Gordon Stewart, who died last Monday night at age 79, was fittingly interred on a mound overlooking the Caribbean Sea, flanked by the graves of his son Jonathan, father Gordon Leslie, brother Peter, and brother-in-law William Hawryluk.

As the coffin with his body was being lowered into the grave, a sailboat glided slowly across the Caribbean Sea as if in tribute to the man who enjoyed swimming and fishing.

The moving tributes to the man who built a tourism empire, Sandals Resorts International — and whose entrepreneurial ventures earned him the Order of Jamaica, the country’s fourth highest honour, also underscored his generosity which, the family pointed out, knew no bounds.

“He was loving, kind, generous to a fault, and the most fair and warm person I have ever met. But these are my words,” Stewart’s widow Cheryl said.

“He, on the other hand, would describe himself as a simple man who enjoyed nothing better than swimming in the ocean with his friends, eating good Jamaican food, and chatting the day away — with him doing most of the talking and everyone else listening intently as he told his colourful stories.”

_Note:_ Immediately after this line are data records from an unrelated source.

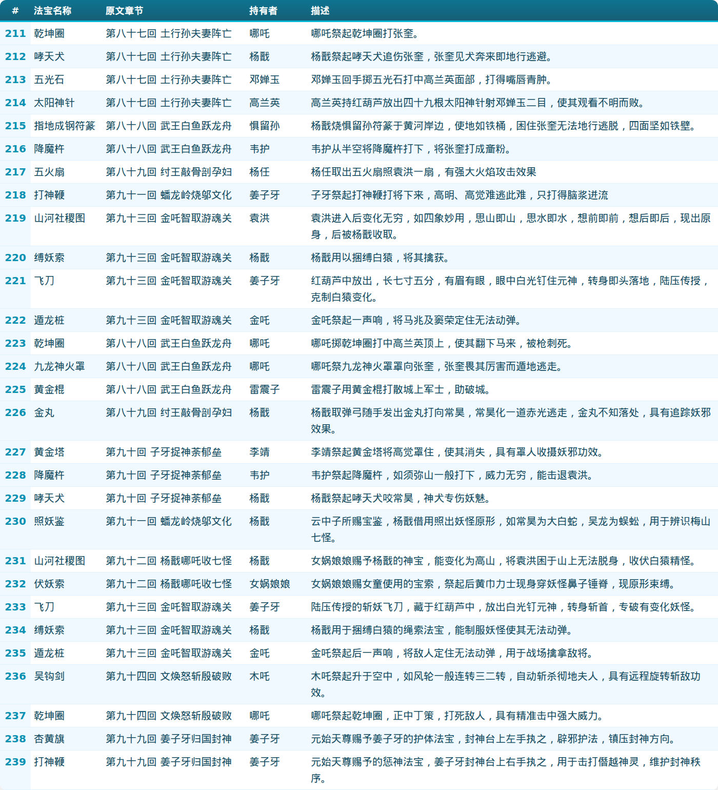 第八部分:法宝列表(211-239)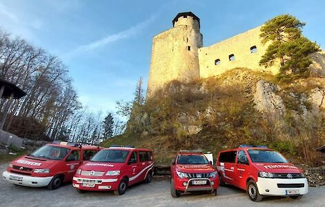 Kommandant Anton Weiss hieß die Kameraden im Feuerwehrhaus herzlich willkommen, bevor sie die modernen Einsatzfahrzeuge und die vielseitige Ausrüstung bestaunen konnten. Anschließend führte der Weg zur historischen Araburg, wo Christine Dworschak den Teilnehmern das „Szenarium Araburg“ in einer lebendigen und informativen Führung näherbrachte. Die Aussicht vom Bergfried war für die wagemutigen Kameraden, die den Aufstieg wagten, ein besonderes Highlight: Ein herbstliches Panorama, das die Schönheit der Region in voller Pracht zeigte.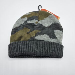 New with tags, this Appaman kids' beanie features a stylish gray and green camouflage knit. This product features a soft fleece lining for extra warmth and a ribbed cuff with the signature Appaman monkey logo patch. Perfect for cool weather and everyday wear.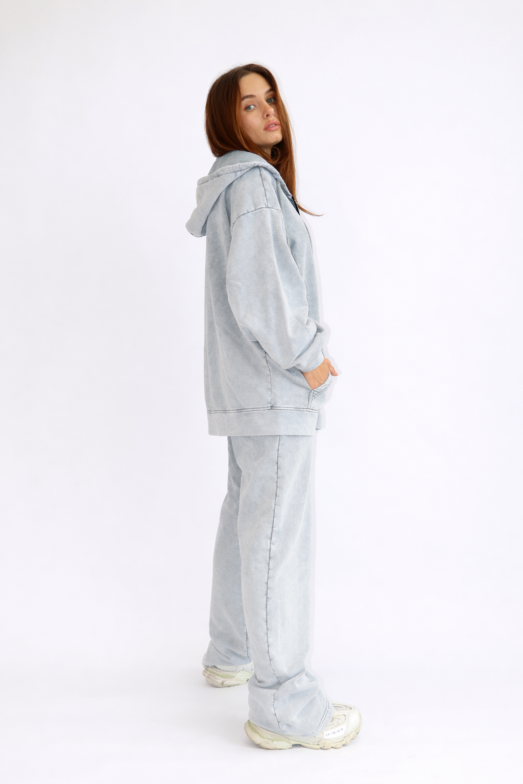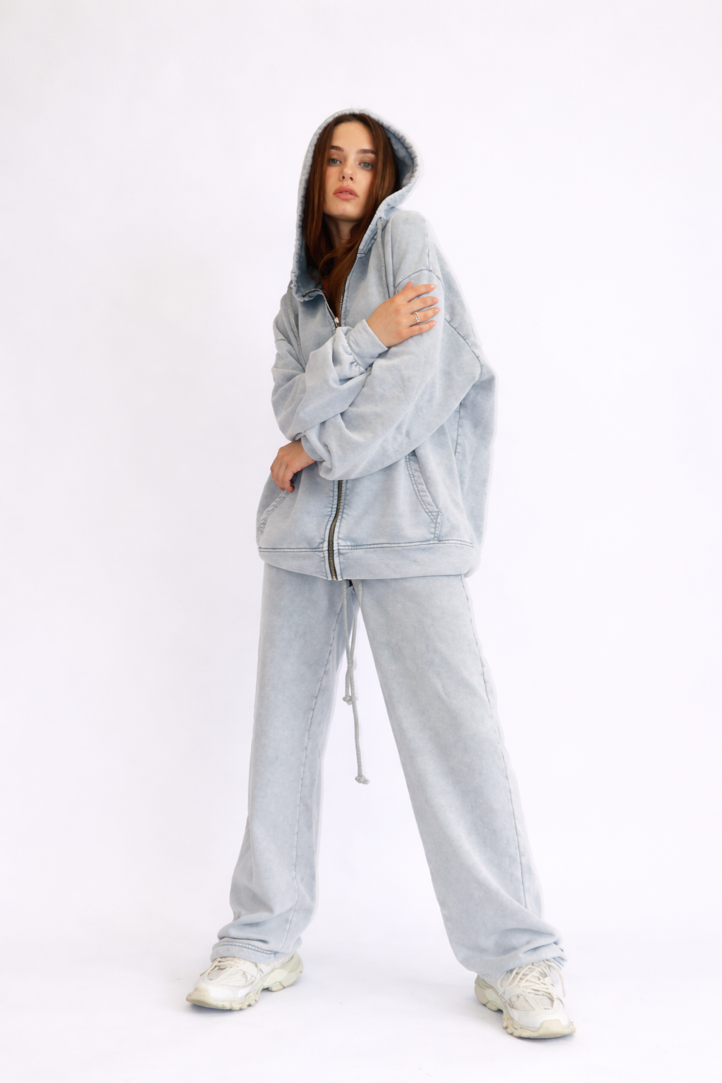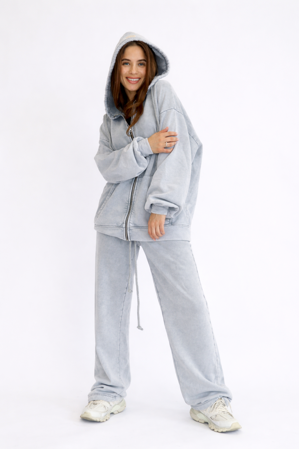 Dresowy komplet oversize dwuczęściowy – bluza na suwak + spodnie z wysokim stanem i podwójną gumą w talii.
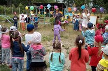 Всех детей детского сада собрал на спортплощадке празник"От улыбки станет веселее!"

His wife described her late husband as her best friend and the love of her life, she said: “Just like the sun cannot exist without the moon, Butch and I could not exist without each other. He was my everything, and throughout the years we completed each other. In love, we were drawn to each other like a moth to a flame. It was pure and impenetrable and out of that love God blessed us with three precious children.”

His youngest son, Gordon Jr, in his tribute, noted that his father worked every day and night “creating a legacy so large that only now I’m beginning to understand the magnitude of how many people you affected.